= Dorothy Wood, Countess of Halifax =

British aristocrat (1885–1976)

Dorothy Evelyn Augusta Wood, Countess of Halifax ( Onslow; 7 February 1885 – 2 February 1976), DCVO, styled as the Lady Irwin from 1925 until 1934, was a British aristocrat, courtier, and Vicereine of India.

Born at Richmond Terrace, Whitehall, London, she was the daughter of William Onslow, 4th Earl of Onslow, Governor-General of New Zealand, and Hon. Florence Gardner, the daughter of Alan Gardner, 3rd Baron Gardner. Her brother, Richard, was a prominent politician and succeeded to the Earldom of Onslow.

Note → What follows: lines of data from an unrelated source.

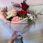 Lisianthus - 2 ud. rosas - 3 ud. paniculata - 2 ud. claveles - 4 ud. crisantemos - 2 ud. verdes varios - 4 ud. papel coreano - 2 ud. elementos decorativos - 2 ud. margaritas multiflor - 3 ud.
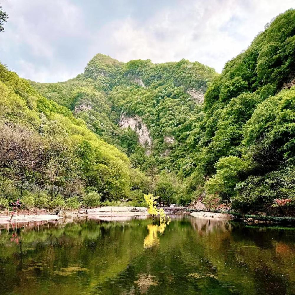 ▲ 森林覆盖率高达90%,生态环境接近原始。由红崖湖、石门峡、密林谷、潜龙寺、少华峰五大景区组成。
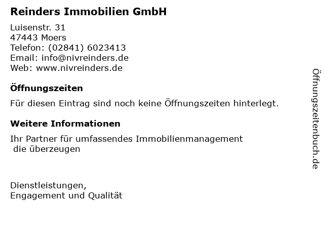 | Öffnungszeiten Reinders Immobilien GmbH in Moers anzeigen | |
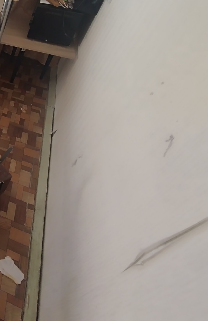 Когда диван отодвинули от стены, на стене стали видны пятна.
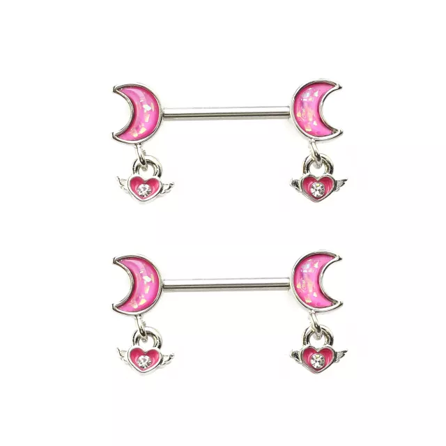 Pink Moon Dangle Nipple Barbells - 16 Gauge
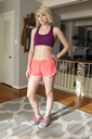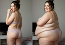 natural colors, daytime, sunrays, 35mm film before during and after comparison full body shots of massive weight gain in 2 years of female armenian college student, she wears natural makeup, eyeliner wing, blonde curly hair bun, brown eyes, freckles, at her kitchen, black twisted bandeau top and shorts, three quarter sideview.
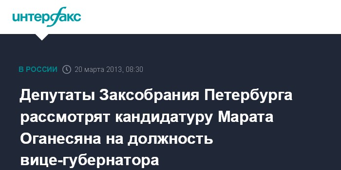 Санкт-Петербург. 20 марта. INTERFAX.RU - Законодательное собрание Петербурга в среду рассмотрит кандидатуру Марата Оганесяна на должность вице-губернатора.
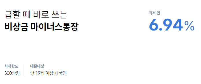 | 6. 카카오뱅크 비상금대출 | 👉금리 한도 조회 바로가기 |
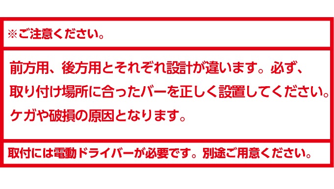 必ず、取り付け場所に合ったバーを設置してください。
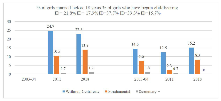 Figure 3: Evolution of the % of Moroccan adolescent girls married before age 18 years and % of adolescent girls who have begun childbearing by level of education |

She was the wife of Viceroy and Governor-General Edward Frederick Lindley Wood, 1st Earl of Halifax. They had five children, including Charles Wood, 2nd Earl of Halifax and Richard Wood, Baron Holderness. She held the office of Lady of the Bedchamber to Queen Elizabeth The Queen Mother.

Having succeeded the Countess of Reading in 1926 (and Viscountess Goschen in 1929), she was succeeded, as Viceregal-Consort of India, by The Countess of Willingdon in 1931.

The Countess of Halifax became a Dame Commander of the Royal Victorian Order in the 1953 Coronation Honours.